The arrival of winter is the doomsday for tropical plants. Cells begin to form ice crystals and poke through the walls as the temperature reaches subfreezing points. On the other hand, some hybrids have been bred to cope with the numbing coldness, as low as 10 °C, by crossing with their sub-tropical and temperate plant relatives. To be safe, it is crucial to not let them be exposed below 15-18 °C.
How to Keep Tropical Plants Warm in Winter
With the frigid temperatures, tropical plants can sustain irreversible damage and can even result in death. The following list is a guide on how to keep tropical plants warm in winter:
- Bring them inside. As tropical plants are perennials but often behave like annuals in temperate and subtropical climates, putting them indoors will make them stay green all year. Bright windows or glass doors are ideal places to place tropical plants while putting them close to the heat sources should be avoided.
- Keep the humidity high. Relative humidity drops as the temperature plummets. Because this element is essential in tropical plants, spray them constantly or install an air humidifier. For smaller plants, putting a glass bell chamber or used plastic bottles conserves air moisture and traps heat.
- Dig them up. Tuberous perennials may be dug if you experience snow, allowing them to stay dormant until spring.

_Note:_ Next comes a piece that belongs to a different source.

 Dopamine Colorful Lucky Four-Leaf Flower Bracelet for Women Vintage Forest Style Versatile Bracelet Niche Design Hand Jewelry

However, it would be best to just pot them and place them indefinitely indoors, with constant cozy temperatures.
- Cover with thick sheets. Some tropical plants can withstand light temperature drops, but not in the long run. Thick bed sheets or old blankets can help them stay warm.
How to Protect Trees From Freezing Temperatures?

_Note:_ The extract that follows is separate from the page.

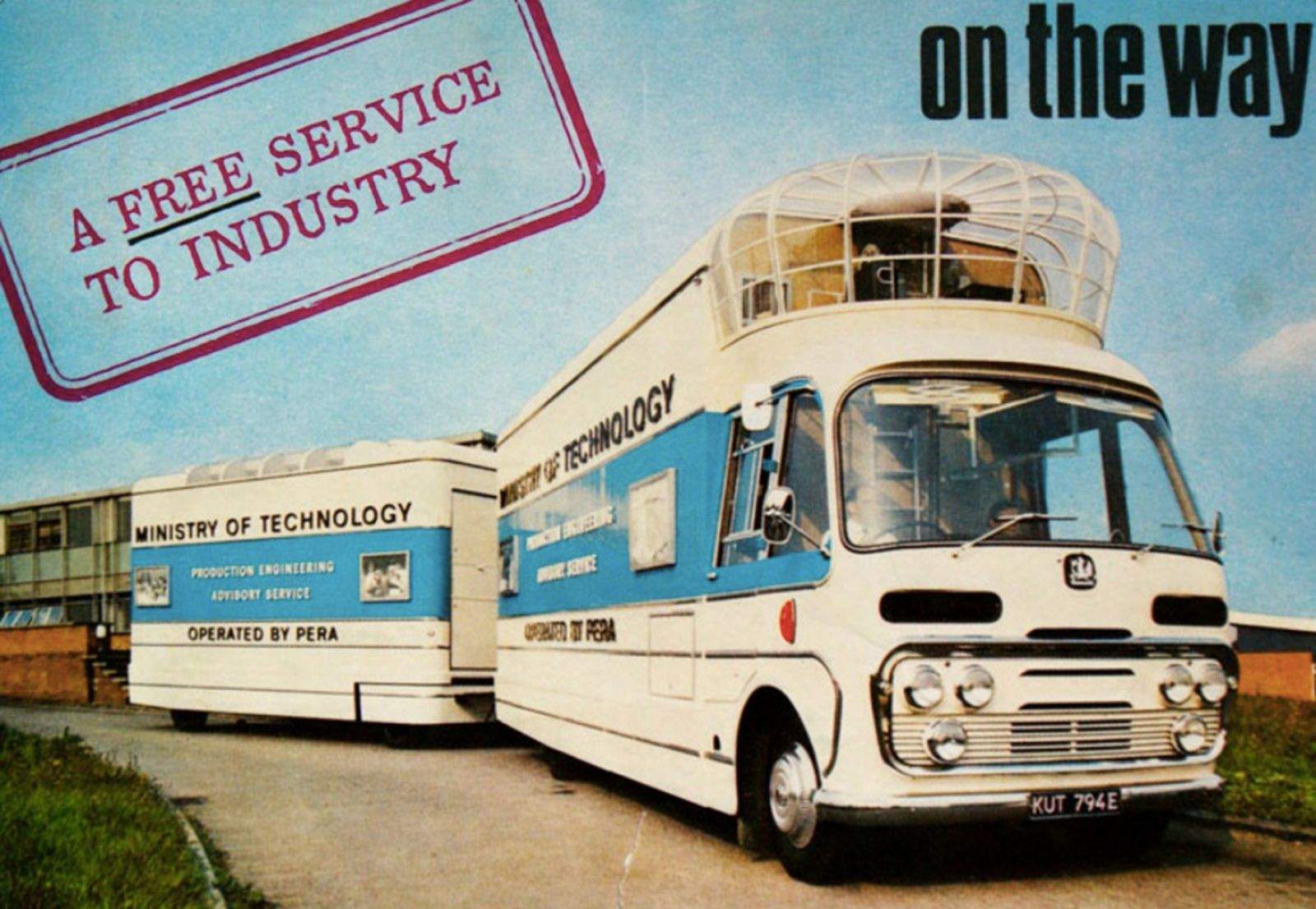 A fleet of seven government buses toured the country during the 1960s, bringing industrial films to companies to promote efficiency and modern production techniques. One survived the scrap heap, was restored and is now on eBay for about $184,000.

Many trees succumb to icy winds that constantly bombard their trunk during storms. To keep them nice and happy, here’s how to keep plants warm outside:
- Wrap the trunk. Like humans, blanketing the exposed parts, such as trunks, will shield the tree from frost damage. Many materials can be used to encase it, such as commercial tree wrap, plastic tree guard, burlap nets, or old potato sacks.
- Tuck in the canopy. Keeping the leafless or evergreen canopies is recommended for young trees for at least 1-2 winters from planting. Simply enclose the entire top with plastic to protect from freeze burn, keeping them warm throughout the harsh weather. Similar materials can be used when wrapping the upper branches.
- Construct a wind barrier. Building a barrier as a plant warmer for winter, made of various porous materials like burlap, mitigates the cold damage from wind gusts to the trunk and young trees.
- Cover the roots. The plant’s anchorage organ must also stay cozy. Put a heap of shredded bark over the tree surface, making a few inches of space from the main trunk until the outer canopy level.
What Temperature Is Too Cold for Plants?
Plants have variable temperature tolerance ranges, but for most houseplants, it is safe to assume that anything 18 °C is cold for them. Modern hybrids often have lower temperature limits, while some, called microtherms, can withstand 0-14 °C.
How to Protect Plants From Cold at Night?
The best way to mitigate frost is to bring them in a greenhouse or indoors. Alternatively, cover your plants with bubble wraps, plastic tarps, mulches, old blankets, and burlap nets.
How Long Can Tropical Plants Tolerate Cold?
Tropical plants cannot last long in the cold, especially if temperatures below 15 °C are sustained. Specific plant metabolism can hardly function in the icy environment and may start to lose leaves after exposure.